У Вечного огня
Шрифт:
— Чего стал, как памятник! Проходи, вон твое место, у стены! — высокий худой паренек кивнул ему.
Мишка прошел к кровати, с железными спинками, присел на край. Ему хотелось прилечь, закрыться одеялом с головой, и умереть. Мысль о смерти всю дорогу до колонии, в подпрыгивающей на ухабах, машине, казалась самой спасительной.
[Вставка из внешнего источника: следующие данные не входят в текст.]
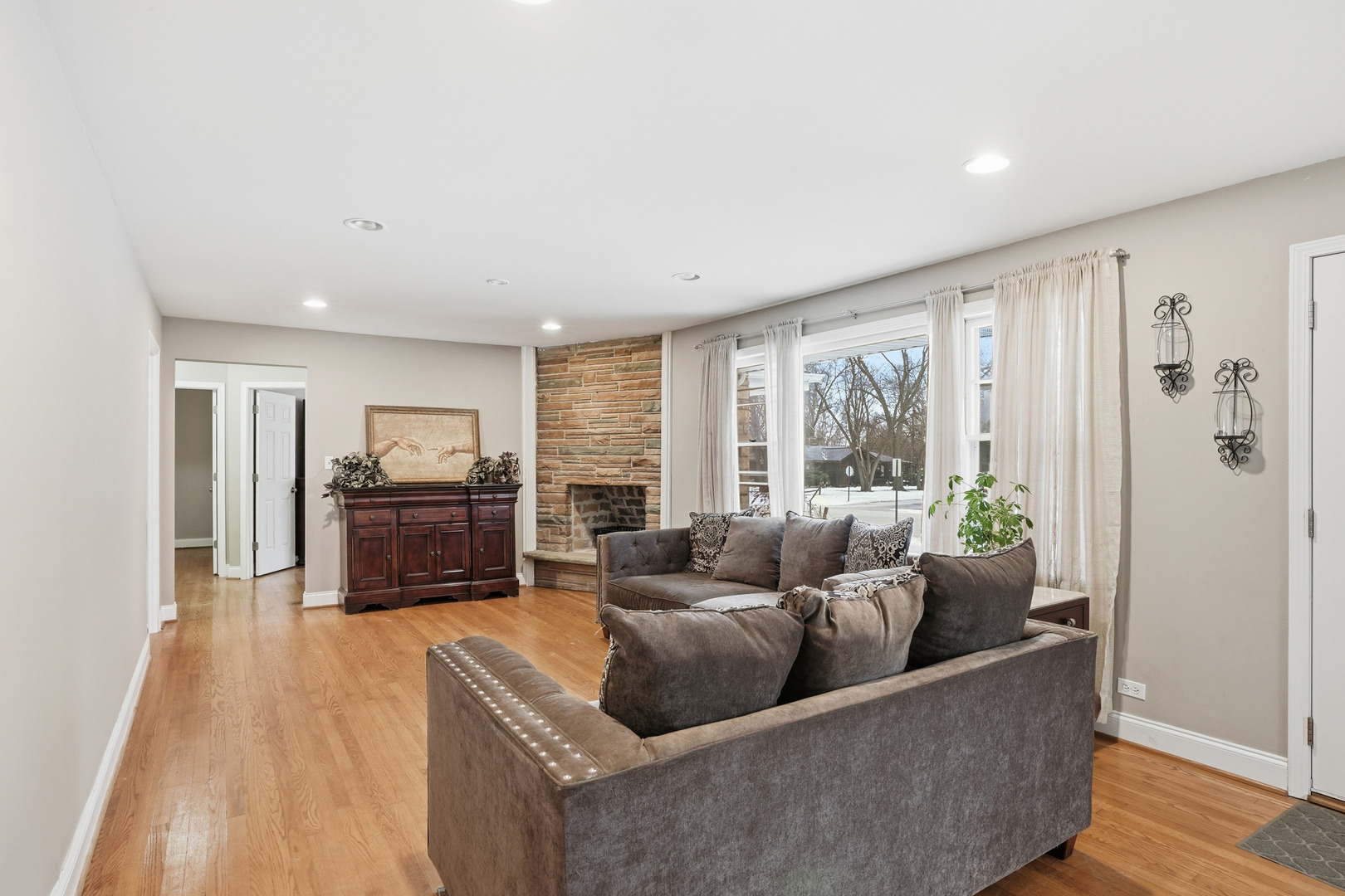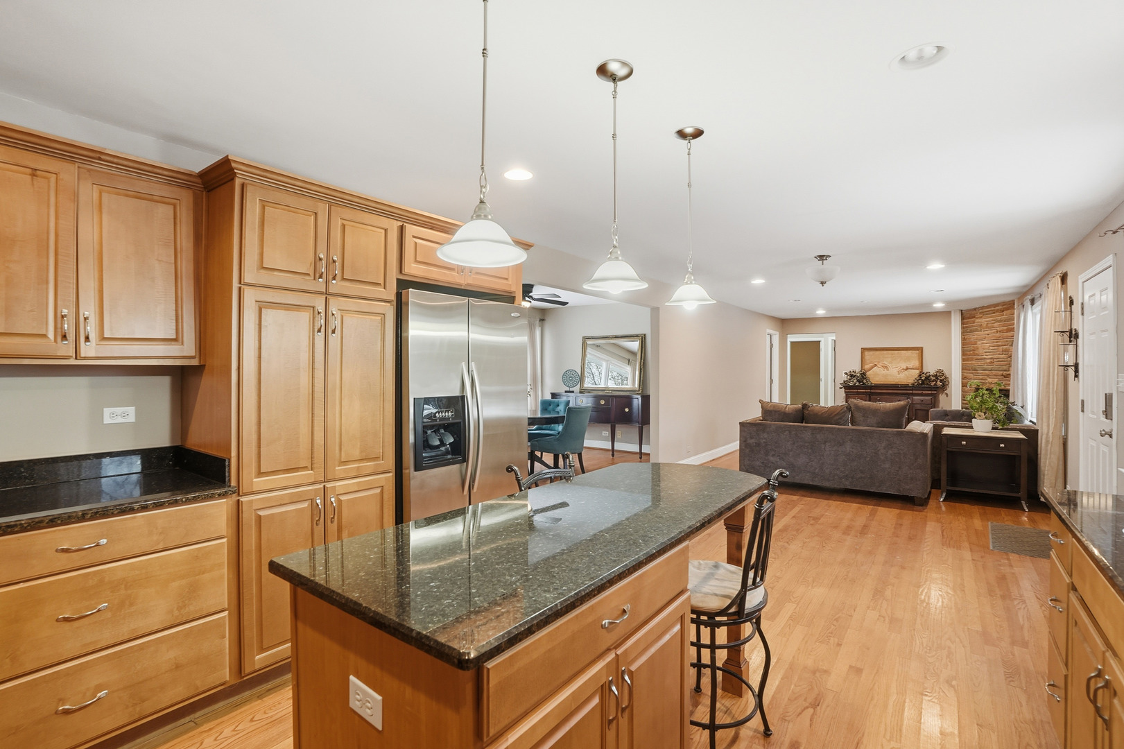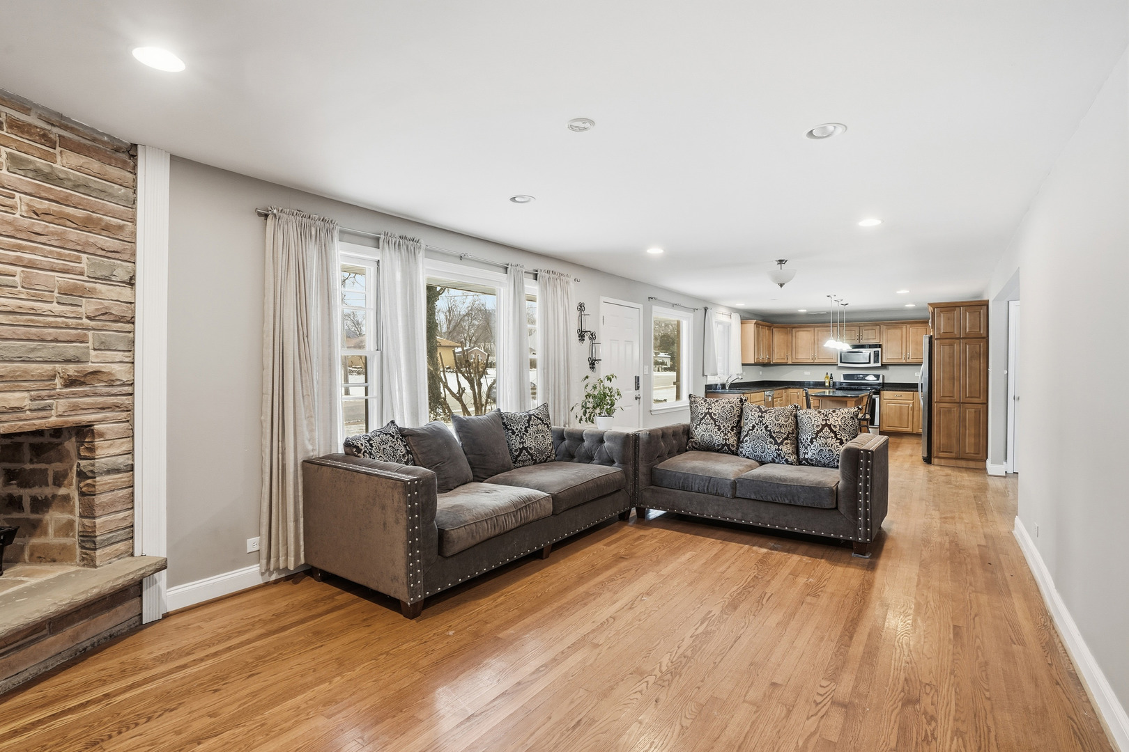 Well-maintained 3-bedroom, 2-bath Hickory Hills ranch offering all one-level living with an attached two-car garage, plus a rare additional two-car garage on a spacious corner lot with a large yard. This inviting home features a bright open-concept living, dining, and kitchen layout, ideal for both everyday living and entertaining. Hardwood floors are in excellent condition throughout the home. The kitchen has been recently updated with higher-grade custom cabinetry featuring soft-close doors and drawers, new countertops, and all stainless-steel appliances, providing exceptional storage and functionality. All bedrooms include walk-in closets. Enjoy outdoor living on the concrete patio, conveniently accessible from both the dining room and the garage, creating seamless indoor-outdoor flow. The huge yard, mature trees, and corner-lot setting enhance privacy and outdoor enjoyment. Major updates include a newer roof (approximately 5 years old) and a preventative water management system. Conveniently located near parks, forest preserves, shopping, dining, and major expressways. Property is being sold AS-IS. A well-maintained, low-maintenance ranch offering flexible ownership opportunities, long-term value, and room for personalization.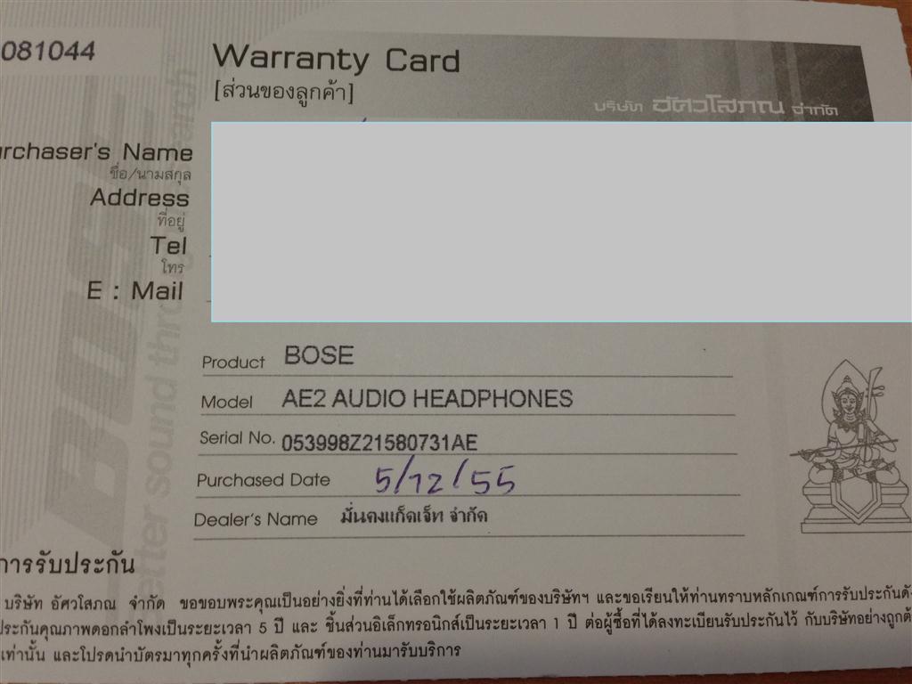 หูฟัง Bose AE2 ซื้อจากร้านมั่นคง วันที่ 5ธค2555 มีใบเสร็จ ครับ
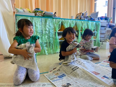 みかん組さんは新聞紙をたっくさん丸めます!!上手上手っ!!
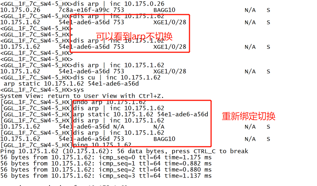 arp绑定接口了,静态还没老化,需要重置一下arp表项

После тюремной камеры, где он немного привык, теперь перемена места, привыкание к новым людям, пугала его, наводила ужас. Только бы не били! Постоянно он молил кого-то. Оглядывая новых соседей, с трудом переводил, от страха, дыхание.
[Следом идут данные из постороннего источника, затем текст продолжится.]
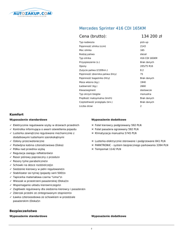 Mercedes Sprinter 416 CDI 165KM Cena (brutto): 134 200 zł Typ nadwozia pick-up Pojemność silnika (ccm) 2143 Moc silnika 165 Rodzaj paliwa diesel Typ silnika 416 CDI 165KM Przyspieszenie (s.) Brak danych Opony 205/75 R16 Zużycie paliwa (l/100km.) 8.2 Pojemność zbiornika paliwa (litry) 75 Pojemność bagażnika (litry) Brak danych Masa własna (kg.) 1940 Ładowność (kg.) 2660 Klasa/segment dostawcze Typ skrzyni biegów manualna Prędkość maksymalna (km/h) Brak danych Częstotliwość przeglądu (km.) Brak danych Liczba drzwi 2 Komfort Wyposażenie standardowe Wyposażenie dodatkowe ✓ Elektrycznie regulowane szyby w drzwiach przednich ✕ Fotel kierowcy podgrzewany 592 PLN ✓ Kontrolka informująca o awarii oświetlenia pojazdu ✕ Fotel pasażera ogrzewany 592 PLN ✓ Lusterka zewnętrzne regulowane mechanicznie z ✕ Klimatyzacja manualna 5745 PLN dodatkowymi lusterkami szerokokątnymi ✓ Osłony przeciwsłoneczne ✕ Lusterka elektrycznie sterowane i podgrzewane 841 PLN ✓ Podwójna kabina czterodrzwiowa (Doka) ✕ PARKTRONIC - system bezpiecznego parkowania 3394 PLN ✓ Półka nad przednia szybą ✕ Tempomat 1142 PLN ✓ Regulacja zasięgu reflektorów\n ✓ Resor piórowy poprzeczny z przodu\n ✓ Resory tylne paraboliczne\n ✓ Schowki na desce rozdzielczej\n ✓ Siedzenie kierowcy w pełni regulowane\n ✓ Stabilizator osi tylnej (pojazdy serii 500)\n ✓ Tapicerka materiałowa czarna "Lima"\n ✓ Wieszak w przestrzeni pasażerskiej (Doka)\n ✓ Wspomaganie układu kierowniczego\n ✓ Zagłówek regulowany dla siedzenia kierowcy i pasażera\n ✓ Zderzak przedni ze zintegrowanym stopniem\n ✓ Ławka czteroosobowa ze schowkiem w przedziale pasażerskim (Doka)\n Bezpieczeństwo Wyposażenie standardowe Wyposażenie dodatkowe 1 ✓ ABS ✕ Poduszka powietrzna pasażera 1391 PLN ✓ Adaptacyjne światła stop (ABL)\n ✓ BAS\n ✓ Belka przeciw najazdowa tylna (pojazdy serii 500)\n ✓ EBV\n ✓ Hamulce tarczowe przód i tył\n ✓ Instalacja elektryczna 12V\n ✓ Napinacze pasów bezpieczeństwa dla foteli przednich\n ✓ Poduszka powietrzna kierowcy\n ✓ Przygotowanie do montażu świateł pozycyjnych bocznych (pojazdy długie i ekstra długie)\n ✓ System stabilizacji toru jazdy ADAPTIVE ESP(R)\n ✓ Trzypunktowe pasy bezpieczeństwa na wszystkich siedzeniach\n ✓ Wyłącznik główny napięcia\n Dodatki Wyposażenie standardowe Wyposażenie dodatkowe ✓ Boczne listwy ochronne ✕ Alarm antywłamaniowy 772 PLN ✓ Centralny zamek drzwi zdalnie sterowany falami radiowymi ✕ Instalacja do montażu alarmu 1786 PLN ✓ Dwudrożne głośniki z przodu ✕ Kamera cofania 3495 PLN ✓ Filtr cząstek stałych ✕ Radioodtwarzacz CD 2006 PLN ✓ Filtr paliwa z separatorem wody ✕ Szyba przednia podgrzewana 1004 PLN ✓ Immobiliser ✕ Zmieniarka CD 1725 PLN ✓ Kierunkowskazy zintegrowane w lusterkach zewnętrznych\n ✓ Klin pod koła (pojazdy serii 500)\n ✓ Kontrolka poziomu płynu do spryskiwaczy\n ✓ Koło zapasowe (z wyjątkiem serii 400 i 316 NGT)\n ✓ Mocowanie koła zapasowego na końcu ramy\n ✓ Norma emisji spalin EU4 Gr I (silnik benzynowy)\n ✓ Norma emisji spalin Euro 5 (silniki CDI)\n ✓ Obręcze stalowe 5,5 J x 16 (pojazdy serii 200 i 500)\n ✓ Obręcze stalowe 6,5 J x 16 (pojazdy serii 300)\n ✓ Opony letnie\n ✓ Oś przednia 1,65 t (pojazdy serii 200 i 300)\n ✓ Oś przednia 1,85 t (pojazdy serii 500)\n ✓ Przygotowanie do montażu modułu PSM\n ✓ Przygotowanie do montażu radia\n ✓ Reflektory ze szkła przezroczystego\n ✓ Stabilizator osi przedniej (pojazdy serii 300 i 500)\n ✓ System "Tirefit" (pojazdy serii 400 i 316 NGT)\n ✓ Układ hamulcowy hydrauliczny dwuobwodowy\n ✓ Zbiornik paliwa 100 litrów (216, 316, 316 NGT, 516)\n ✓ Zbiornik paliwa 75 l\n ✓ Zbiorniki na gaz ziemny o łącznej objętości 210 litrów (pojazdy serii 300), mieszczące 34 kg gazu ziemnego\n ✓ Zbiorniki na gaz ziemny o łącznej objętości 246 litrów (pojazdy serii 500), mieszczące 40 kg gazu ziemnego\n 2 ✓ Zestaw narzędzi samochodowych\n ✓ Złącze rozruchowe (dodatkowy biegun dodatni)\n Doprecyzowanie oferty Kontakt: Nazwa użytkownika: admin Nazwa firmy: qqq Adres: qqq 12, 41-706 qqq1, NIP: 954 REGON: 1 Telefon: 123, 1 Fax: 1 Email: 1 www: 3

— Тебя как зовут! — спросил высокий парнишка. —
— Михаил! — Мишка сомкнул пальцы рук, хрустнул суставами.
— Его Иван! — указал Павел на толстого, круглолицего мальчика. — Он у нас за главного! — рассмеялся Пашка и хлопнул Ивана по круглому плечу. — По уборке!
Мальчишки засмеялись.
— Он тоже Мишка! — подмигнул Павел низенькому, хилому мальчику, сидящему на кровати у окна.
— Меня Федором зовут! — пробасил мальчик на соседней кровати, и громко закашлял.
— А я Петро! — улыбнулся рыжеволосый паренек.
Мишка улыбнулся ему в ответ. Сразу почувствовав расположение к рыжему, как он окрестил паренька. Его, наверно, все рыжим зовут. Подумал Мишка.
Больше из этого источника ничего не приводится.